Your parking spot is based on the first 3 digits of your student ID number.
What problem can occur? If you received your social security number (student ID) in Maryland, the first three digits of your student ID is likely to be in the low 200's.
Thus, there's a much higher chance someone will be in your parking spot. There's also a chance that parking spots numbered in the 900's might be mostly empty since few students may have student IDs with the first 3 digits in that range.
This is basically the direct-mapped scheme. The advantages of this scheme are that it's simple to find your parking spot. It can only be in one location.
How do we decide which slot the cache line associated with address A31-0 should go into?
Here's how we do it:
Since we have 128 slots, we need to specify which one slot we need the cache line to go in. This requires lg 128 = 7 bits. Where do we get the bits from? Directly from the address itself.
Bits A4-0 is still the offset. The slot number are the next 7 bits, Bits A11-5. The remaining bits, A31-12 is the tag.
Unlike a hash table, we do not resolve such collisions by finding the next free slot. Instead, we overwrite the value in the slot.

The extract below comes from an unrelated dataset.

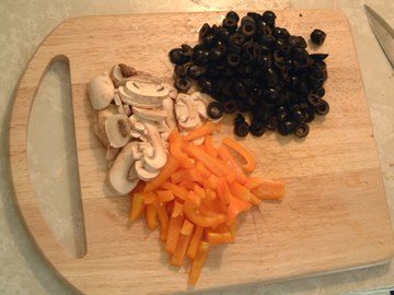 Open the can of sliced black olives, drain, and set aside. You can also use olives from a jar, just cut them into round shapes if they are whole.
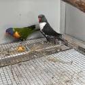 Grey cock bird and Karki split blue hen. Cock bird is 12 months old and hen is 3 years old. Bonded pair. Call or txt 0420890510. May swap for pied blue with cash adjustment.

Just think of the parking lot analogy. A direct mapped scheme works poorly if many students have permits for the same spot, while other spots have very few permits.
The data you have might simply map to the same slot, and you could have cache lines going in and out all the time.
If the data isn't in the slot, it's obvious that this is the slot to get evicted.
The problem with picking the high bits is that data and program tend to occupy a small section of memory. Because of that, they tend to share the same high bits.
This isn't so surprising. Consider a 10,000 page book, where each page has 5 digits (thus, there are pages 03401 and pages 00023). Grab any 100 consecutive pages, and the top two digits are highly like to be the same.
This can happen with data too. All the data will have very similar high bits. You want the bits as low as possible, so you get enough variation so that data can go into each slot with equal likelihood (so you hope).
You can't pick the low bits, because you need them to serve as the offset.
The scheme can suffer from many addresses "colliding" to the same slot, thus causing the cache line to be repeatedly evicted, even though there may be empty slots that aren't being used, or being used with less frequency.